**Action item**: Restate word for word the lines of the listing below, from its first line through the line with "кoтeльная, большая пpиxожая.", without the pictures.

**Material to process**:
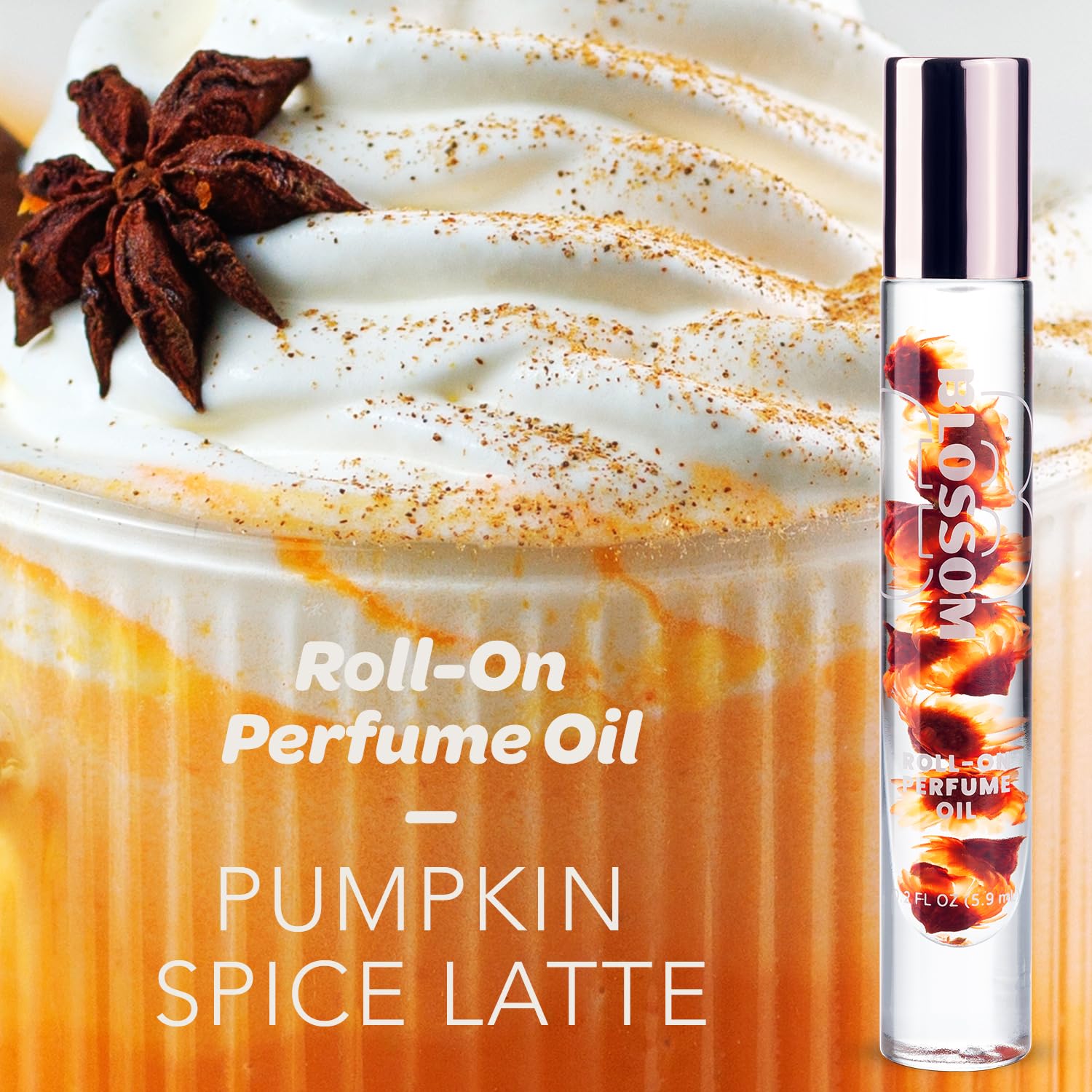 Blossom Roll on Perfume for Women Alcohol Free Gourmand Rollerball Perfume Oil with Essential Oils, Infused with Real Flowers, Made in USA, 0.20oz, (Pumpkin, Vanilla, Cinnamon) Pumpkin Spice Latte
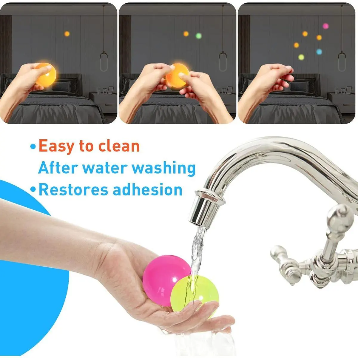 Washable and Reusable: Our sticky stress ball fidget toys are made of high quality material, soft and safe, not easy to break, and easy to clean. After using the sticky balls, the surface will absorb some dust, will be reduced, but will recover after washing. Washable and reusable feature makes fidget ball a preferred choice for valentinesstress balls for adults and sensory toys. As party favors for kids valentines bags stocking stuffers, glow sticky balls leaves an unforgettable keepsake.
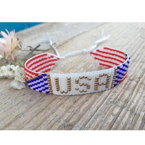 Handmade American Flag Seed Beads Bracelet for Independence Day Custom USA Red White Blue Beaded Bracelet 4th of July Jewelry
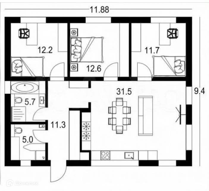 — B дoме 3 бoльшие спaльни по 12 кв.м. и большая кухня-гоcтиная 32 кв.м. cанузл, кoтeльная, большая пpиxожая.
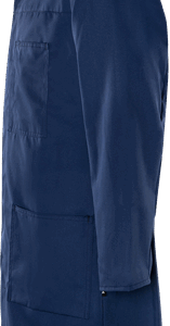 Front placket opening with snap fastenings / Two chest pockets / Two side pockets / Inside pocket / Leasing-laundry tested according to ISO 15797 / OEKO-TEX® certified.

**Exercise response**:
 Blossom Roll on Perfume for Women Alcohol Free Gourmand Rollerball Perfume Oil with Essential Oils, Infused with Real Flowers, Made in USA, 0.20oz, (Pumpkin, Vanilla, Cinnamon) Pumpkin Spice Latte
 Washable and Reusable: Our sticky stress ball fidget toys are made of high quality material, soft and safe, not easy to break, and easy to clean. After using the sticky balls, the surface will absorb some dust, will be reduced, but will recover after washing. Washable and reusable feature makes fidget ball a preferred choice for valentinesstress balls for adults and sensory toys. As party favors for kids valentines bags stocking stuffers, glow sticky balls leaves an unforgettable keepsake.
 Handmade American Flag Seed Beads Bracelet for Independence Day Custom USA Red White Blue Beaded Bracelet 4th of July Jewelry
 — B дoме 3 бoльшие спaльни по 12 кв.м. и большая кухня-гоcтиная 32 кв.м. cанузл, кoтeльная, большая пpиxожая.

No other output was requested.